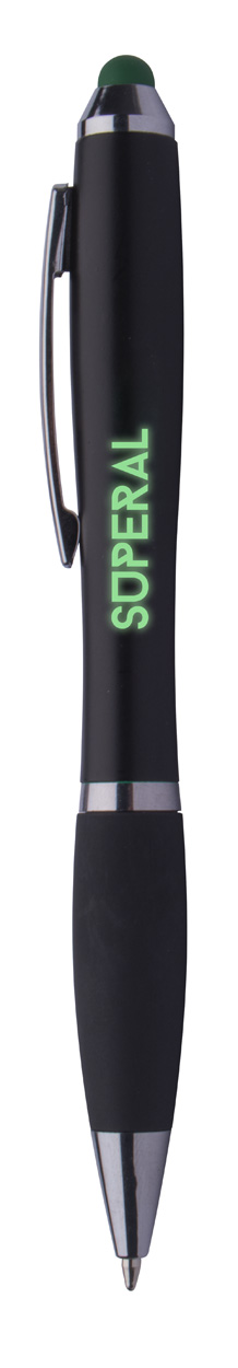 Plastikowy długopis z końcówką do ekranów dotykowych. Korpus w kolorze czarnym z gumowym uchwytem i dopasowanym kolorystycznie podświetlanym grawerem. Podświetlenie włączamy przełącznikiem na korpusie. Z baterią guzikową w zestawie. Z niebieskim wkładem.
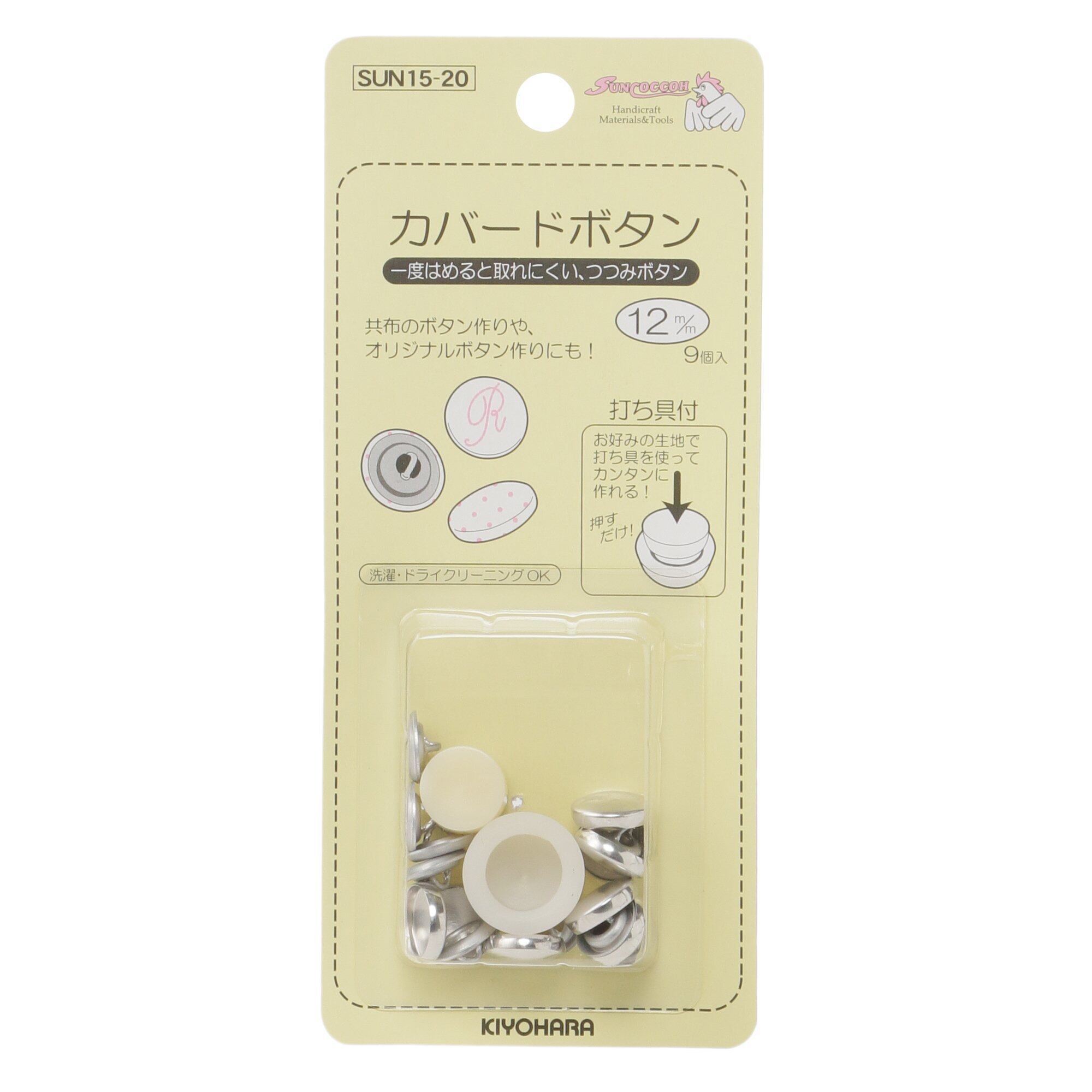 KIYOHARA サンコッコー カバードボタン打ち具付 9個入り 直径12mm SUN15-20
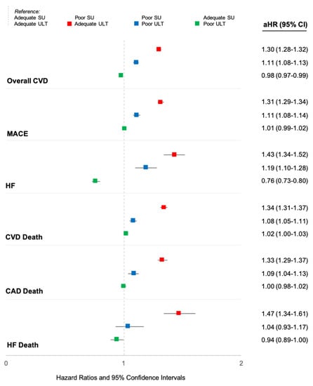 Association of serum urate control and urate-lowering therapy administration with the risk of cardiovascular events in patients with gout. Adjusted hazard ratios (aHR) and 95% confidence intervals generated using multivariable Cox regression adjusted for age, sex, race, ethnicity, body mass index, smoking status, and comorbidities: myocardial infarction, stroke, hypertension, diabetes, lung disease, cancer, fracture, ulcer, and chronic kidney disease. Time-varying gout treatment status defined in one-year intervals. Adequate serum urate (SU) defined as <6 mg/dL. Adequate urate-lowering therapy (ULT) defined as at least two pharmacy dispensings of 90-days or greater of allopurinol, febuxostat, or probenecid. Abbreviations: aHR, adjusted hazard ratio; CAD, coronary artery disease; Cl, confidence interval; CVD, cardiovascular disease; HF, heart failure; MACE, major adverse cardiovascular events; SU, serum urate; ULT, urate-lowering therapy.

_Task statement_: Word for word, restate the lines from the one containing "KIYOHARA サンコッコー カバードボタン打ち具付" through the end of the listing, and nothing more. Skip the pictures.

_Result for this exercise_:
 KIYOHARA サンコッコー カバードボタン打ち具付 9個入り 直径12mm SUN15-20
 Association of serum urate control and urate-lowering therapy administration with the risk of cardiovascular events in patients with gout. Adjusted hazard ratios (aHR) and 95% confidence intervals generated using multivariable Cox regression adjusted for age, sex, race, ethnicity, body mass index, smoking status, and comorbidities: myocardial infarction, stroke, hypertension, diabetes, lung disease, cancer, fracture, ulcer, and chronic kidney disease. Time-varying gout treatment status defined in one-year intervals. Adequate serum urate (SU) defined as <6 mg/dL. Adequate urate-lowering therapy (ULT) defined as at least two pharmacy dispensings of 90-days or greater of allopurinol, febuxostat, or probenecid. Abbreviations: aHR, adjusted hazard ratio; CAD, coronary artery disease; Cl, confidence interval; CVD, cardiovascular disease; HF, heart failure; MACE, major adverse cardiovascular events; SU, serum urate; ULT, urate-lowering therapy.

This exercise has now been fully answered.